Goal of the exercise – Leave out every picture and set down, exactly, the lines below from the one holding "島根県優良工事等所長表彰 2025.08.01 お知らせ" up to and including the one holding "Megemlékezést tartanak Pápán, a".

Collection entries
•••

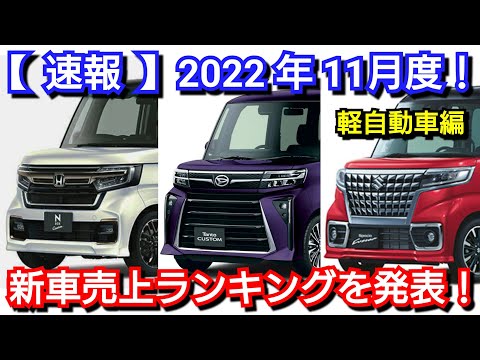 新車売上ランキング!2022年11月 軽自動車編!新型タント、新型NーBOXの販売台数が!って<人気の自動車だぜ。
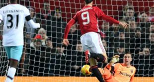 هيئة التحرير تأهل مانشستر يونايتد إلى نصف نهائي كأس الرابطة الإنجليزية للأندية المحترفة لكرة القدم، بعدما سحق ضيفه وست هام يونايتد بأربعة أهداف مقابل هدف الأربعاء في ربع النهائي. وتناوب على تسجيل أهداف الشياطين الحمر كل من: زلاتان إبراهيموفيتش في الدقيقتين 2 و90، وأنتوني مارسيال في الدقيقتين 48 و62، بينما ...
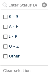 Each time a schedule runs, a description of its status is recorded. Type a specific description or select a checkbox corresponding to the first letter or number of the description. If the description starts with a character other than a letter in the English alphabet (A - Z) or number (0-9), select Other.
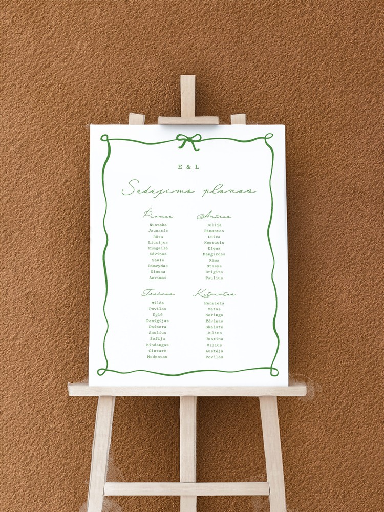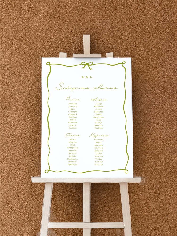 Įrašykite jaunųjų vardus, šventės datą ir sėdėjimo planą.
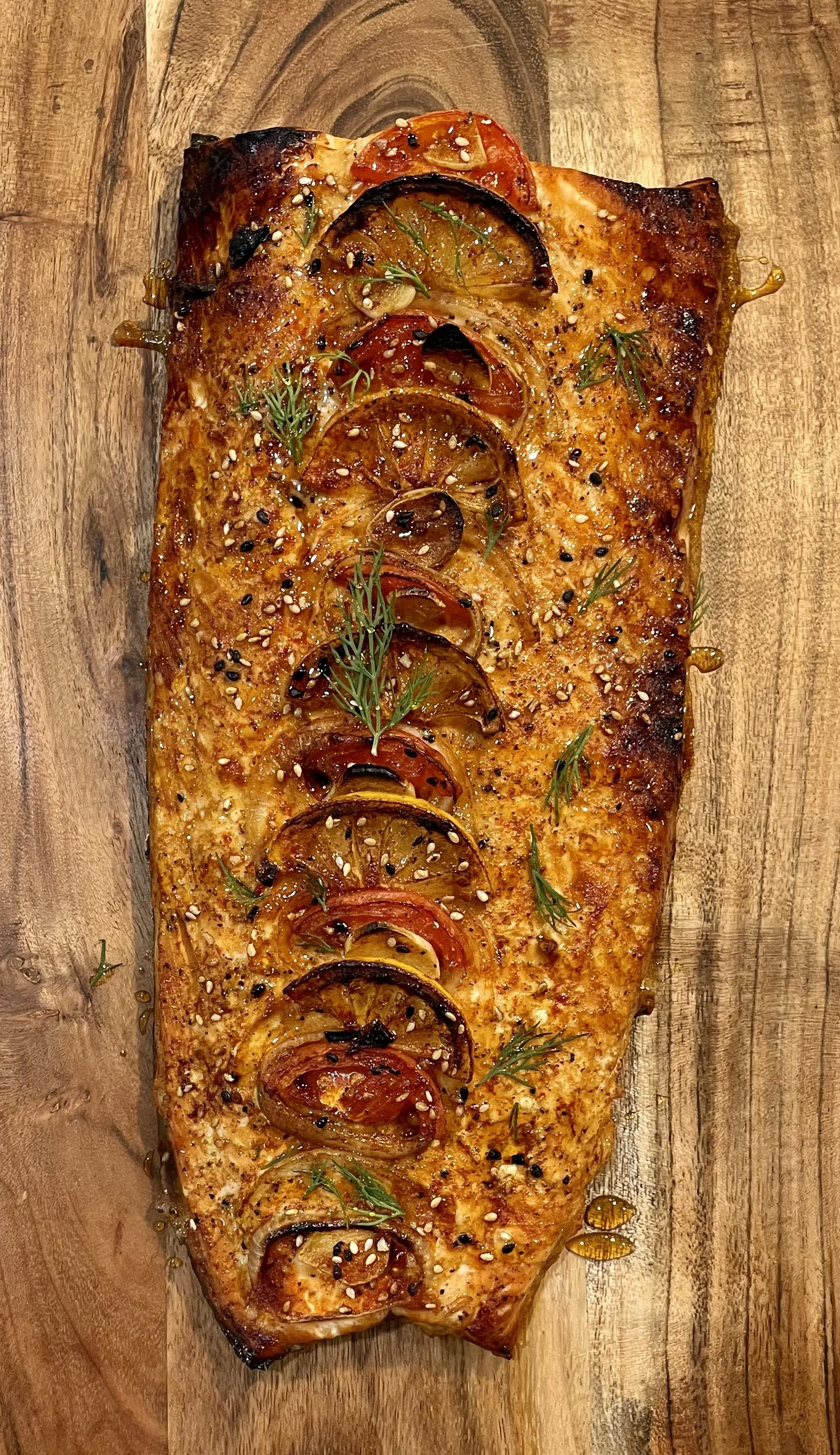 5. Place the mixture on top of the Salmon, cut lemon and tomatoes in slices and place on top of the salmon!
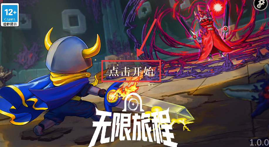 1、进入【无限旅程】游戏,点击【点击开始】按钮,准备迎战前方红袍敌人,开启冒险。
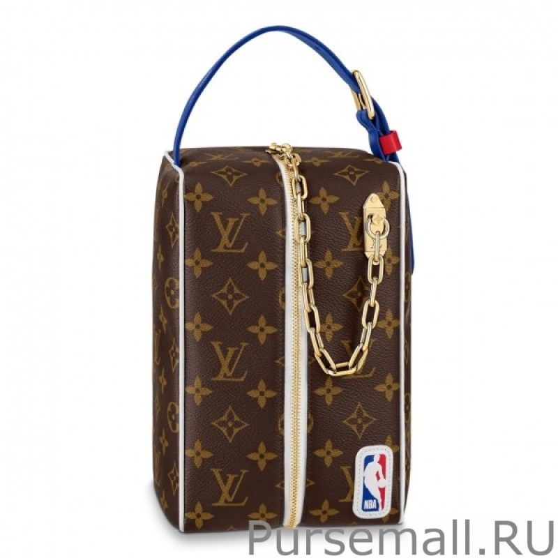 The glamourous Cloakroom Dopp Kit bag is Virgil Abloh love letter to the NBA. Made from iconic Monogram coated canvas, it finished with an NBA patch, a lining in NBA blue, as well as an adjustable leather handle also in NBA blue. The gold-color chain evokes the league championship trophy.
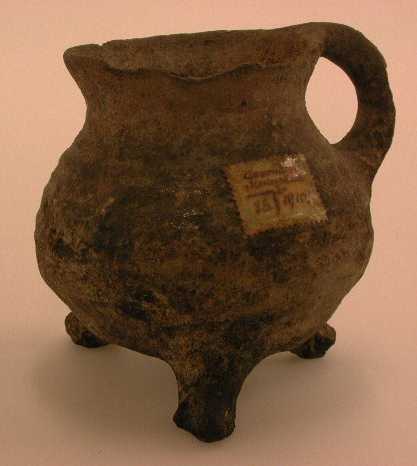 Type als inv.nr. 01694. Met drie poten en een oor, de buik versierd met witte strepen -lensvormige bodem -3 klaverbladvormige voetjes -bolvormige buik met draairingen -gladde wijd uitlopende hals en mondrand -worstoor aangezet op buik en mondrand -gedeeltelijk bruin/oranje loodglazuur -versierd met halfronde strepen in gele slib op hals en schouder
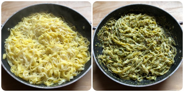 Bereiding van de tagliatelle met vreemde pesto
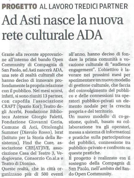 L'ISRAT aderisce alla nuova rete culturale ad Asti si chiama ADA Scritto il 08 Gennaio 2019. Tags: Iniziative 2019
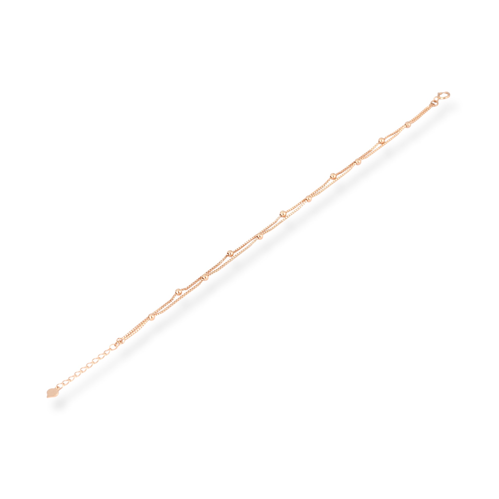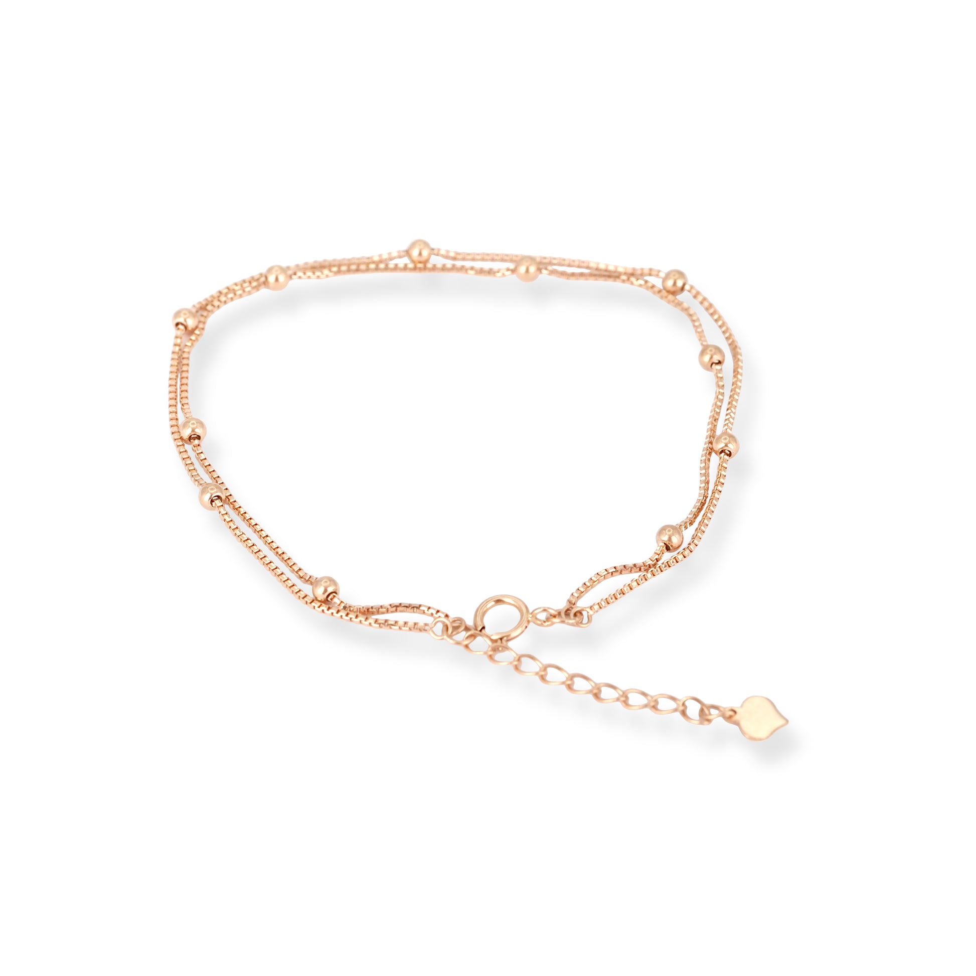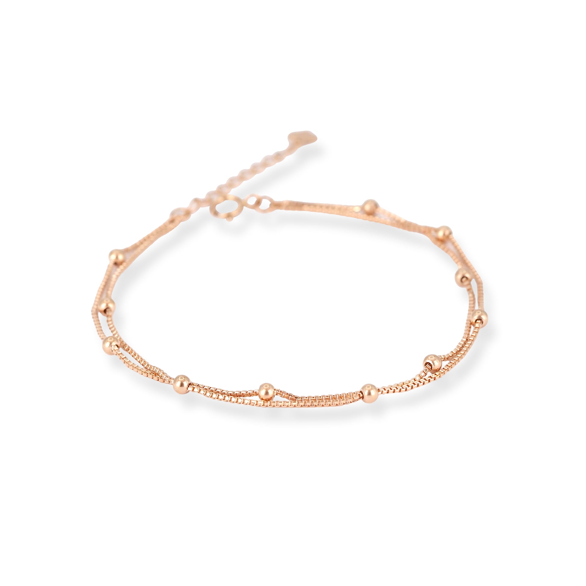 Delicate and refined, this 18ct Rose Gold Double Chain Bracelet with Polished Beads is designed for effortless everyday elegance. Crafted in warm 18ct rose gold, the bracelet features a graceful double-chain design accented with evenly spaced polished beads for a subtle yet eye-catching finish.
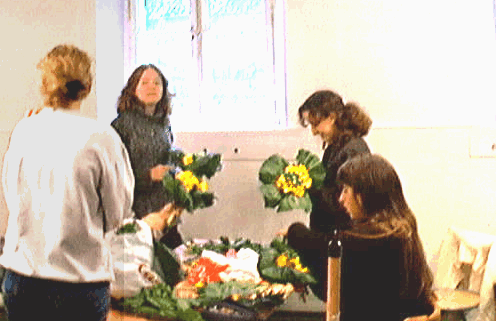 Les élèves composent des bouquets de fleurs avec
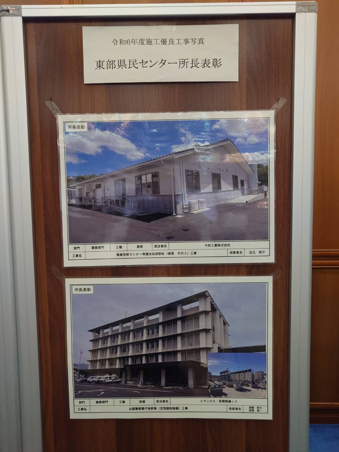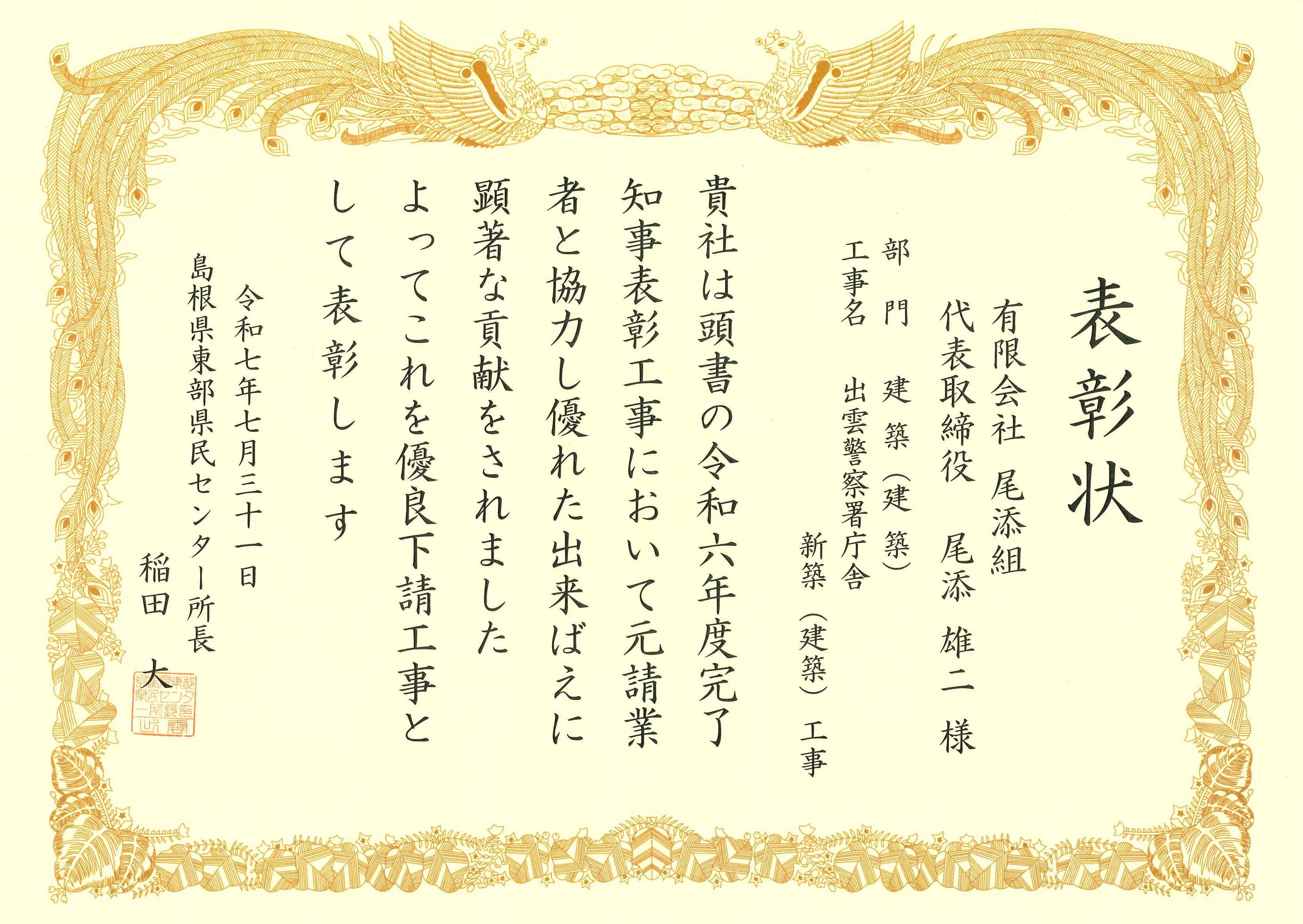島根県優良工事等所長表彰 2025.08.01 お知らせ 出雲警察署庁舎新築(建築)工事において 東部県民センター所長表彰『優良下請工事表彰』を受賞いたしました 工事関係者の皆さまには 工事期間中、多数のご指導を賜り本当にありがとうございました 社員一同、安全と品質をさらに追及し、恩返しができるように邁進してまいります 引続きよろしくお願いいたします 一覧に戻る
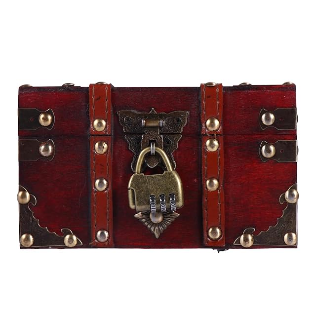 FRCOLOR 宝箱 ジュエリー箱 レトロ宝箱 アンティーク 宝石箱 鍵付き 南京錠付き 海賊 木箱 小物入れ アンティーク箱 貯金箱 見せる収納 撮影小物 ジュエリーボックス アクセサリー入れ 暗赤色
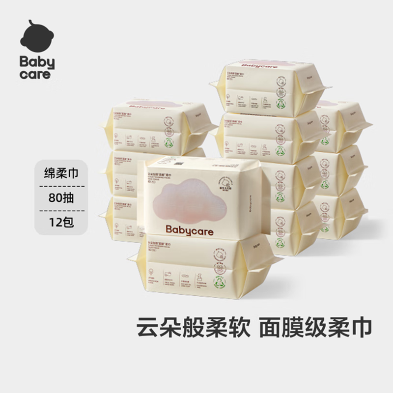 Babycare云朵面膜级柔巾80抽12包加厚婴儿湿巾干湿两用柔软洗脸巾
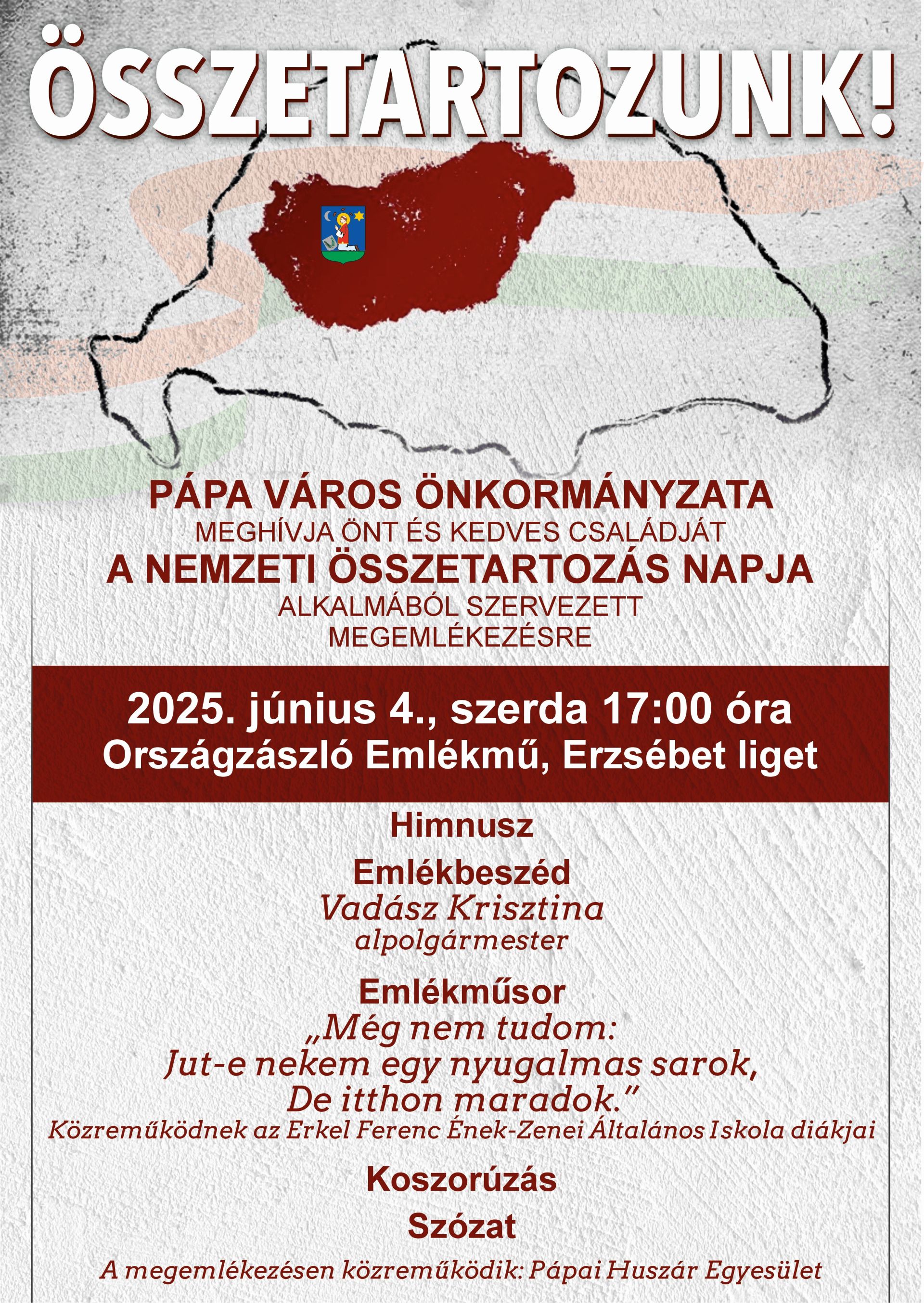 Megemlékezést tartanak Pápán, a Nemzeti Összetartozás Napján
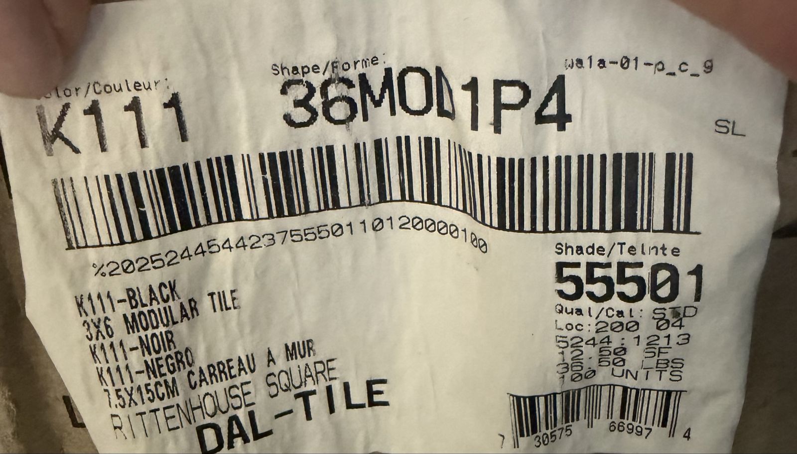 Tile: 3x6 Case Size: 12.5 sq. ft. Condition: New, left over from project
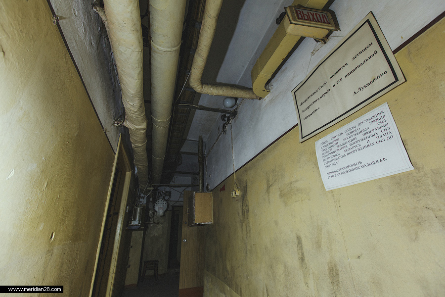 Под потолком видны коммуникации: вентиляционные короба, электрические кабели и прочие. На стенах сохранились напоминания о периоде использования объекта вооруженными силами Беларуси.
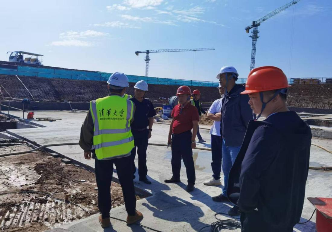 (左二:市重点处陈霜枫 左三:项目经理王辉 右二:校方现场管理组长 张伟业)
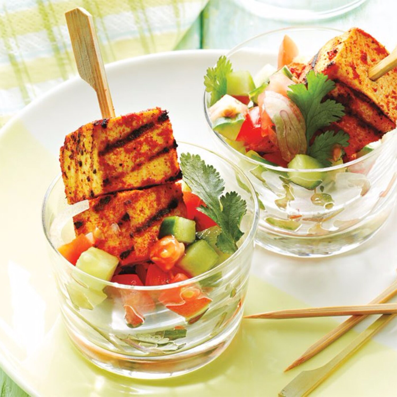 En plus d'être savoureuses, ces petites brochettes à l'indienne sont toutes mignonnes à servir en verrines.
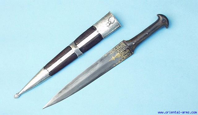 This Fine dagger is also known as Ottoman Court Dagger. it was a side arm of the nobilities visiting the courts of the Ottoman empire in the 17 and 18 C. The blade is 11 inches long of flat diamond cross section, forged from fine pattern welded (Damascus) twisted steel. The blade is inlaid with gold koftgari Arabic inscriptions and dated 1284 (1857 in the Gregorian Calendar). The grips are horn. The scabbard is wood covered with leather Engraved silver locket and chape. Total length (in scabbard) 18 inches. Very good condition. |
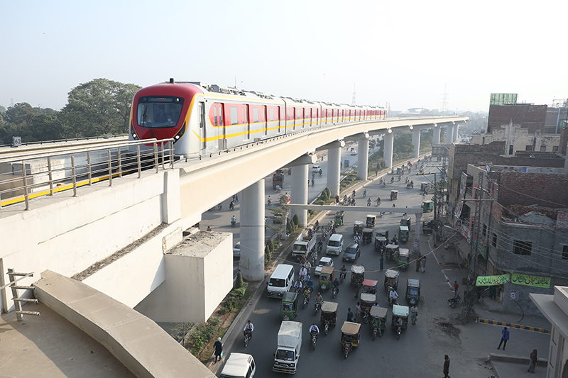 在巴基斯坦拉合尔市,巴基斯坦首条地铁拉合尔橙线一辆地铁列车准备进站(2020年10月26日摄)。记者 刘天 摄

•••

Task output –
島根県優良工事等所長表彰 2025.08.01 お知らせ 出雲警察署庁舎新築(建築)工事において 東部県民センター所長表彰『優良下請工事表彰』を受賞いたしました 工事関係者の皆さまには 工事期間中、多数のご指導を賜り本当にありがとうございました 社員一同、安全と品質をさらに追及し、恩返しができるように邁進してまいります 引続きよろしくお願いいたします 一覧に戻る
 FRCOLOR 宝箱 ジュエリー箱 レトロ宝箱 アンティーク 宝石箱 鍵付き 南京錠付き 海賊 木箱 小物入れ アンティーク箱 貯金箱 見せる収納 撮影小物 ジュエリーボックス アクセサリー入れ 暗赤色
 Babycare云朵面膜级柔巾80抽12包加厚婴儿湿巾干湿两用柔软洗脸巾
 Megemlékezést tartanak Pápán, a Nemzeti Összetartozás Napján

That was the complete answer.